While I don’t typically miss the digital cameras of old, I’ve really been quite enjoying the recent trend for “reviewing” these older cameras. And while I never owned most of them, I do still have a pair of 20-year-old Nikon D100 bodies and remember seeing many of the other popular models of the day. One such camera was the Nikon Coolpix 990, a strange little camera with a swivelling lens and handle. In this video, photographer Matt Parson – who seems to have one in particularly great condition – takes one out to put it through its paces and see how it compares to more modern digital cameras. The year 2000’s Nikon Coolpix 990 is the third iteration of Nikon’s swivel design, beginning with the Coolpix 900 in 1998 and the Coolpix 950 in 1999.
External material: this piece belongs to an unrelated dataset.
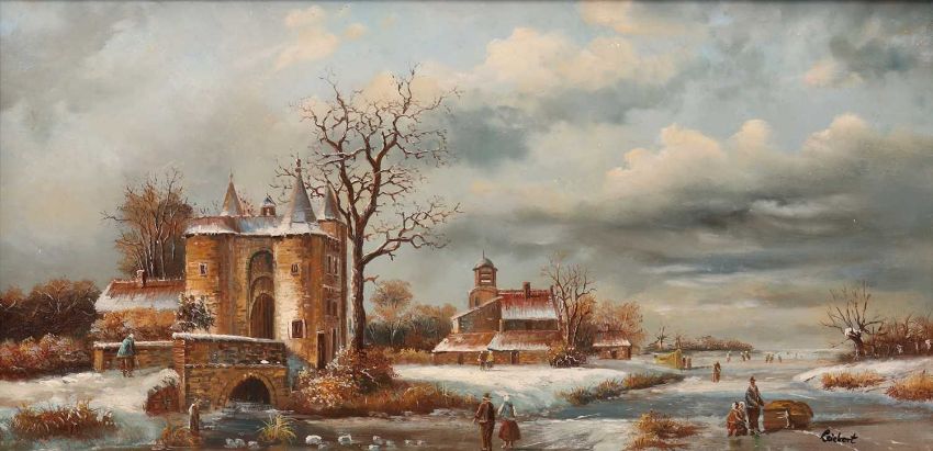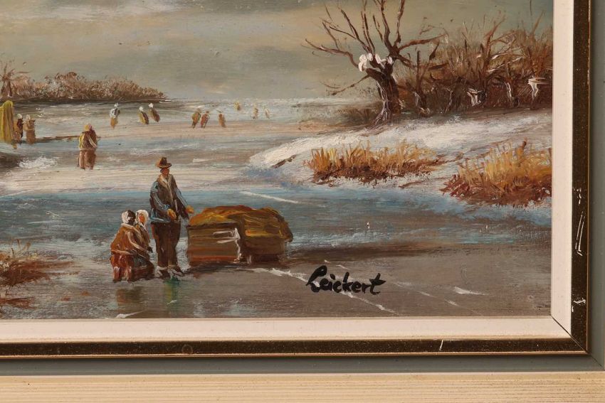 Manner of Charles Leickert (Late 20th century), Winter landscape, bears signature (lower right), oil on panel, 20 x 40 cm, framed 36 x 55.5 cm

From a technical standpoint, the Nikon Coolpix 990 bears little resemblance to the cameras we use today – either DSLRs or mirrorless cameras – and the image quality certainly isn’t as technically perfect. But it has a quality about it that makes the images it produce have a look and feel that contains character and a look that’s generally more filmic than we get out of the box with raw files today. That being said, the dynamic range is pretty terrible, so it breaks apart in the highlights pretty quickly!

It features a 3.2-megapixel CCD sensor with a 3x 8-24mm zoom lens offering a field of view equivalent to that of a 38-115mm lens on full-frame. CCD sensors were fairly common back then, at least for Nikon. Both of the D100 bodies I mentioned above contain 6.1-megapixel CCD sensors and my Nikon D200 features a 10.2-megapixel CCD sensor, too. CMOS sensors won out in the end, although I always felt that CCD sensors produced images that just had a little special something, a quality that CMOS sensors seem to have had perfected out of them. It’s interesting seeing those old cameras being used against the tech we’re used to today. Not to mention some of the features they had back then that no longer seem to be around. I might even have to drag out my old Nikon DSLRs at some point just to see how they hold up today. I wonder if anybody would even notice the images weren’t shot on the latest and greatest cameras?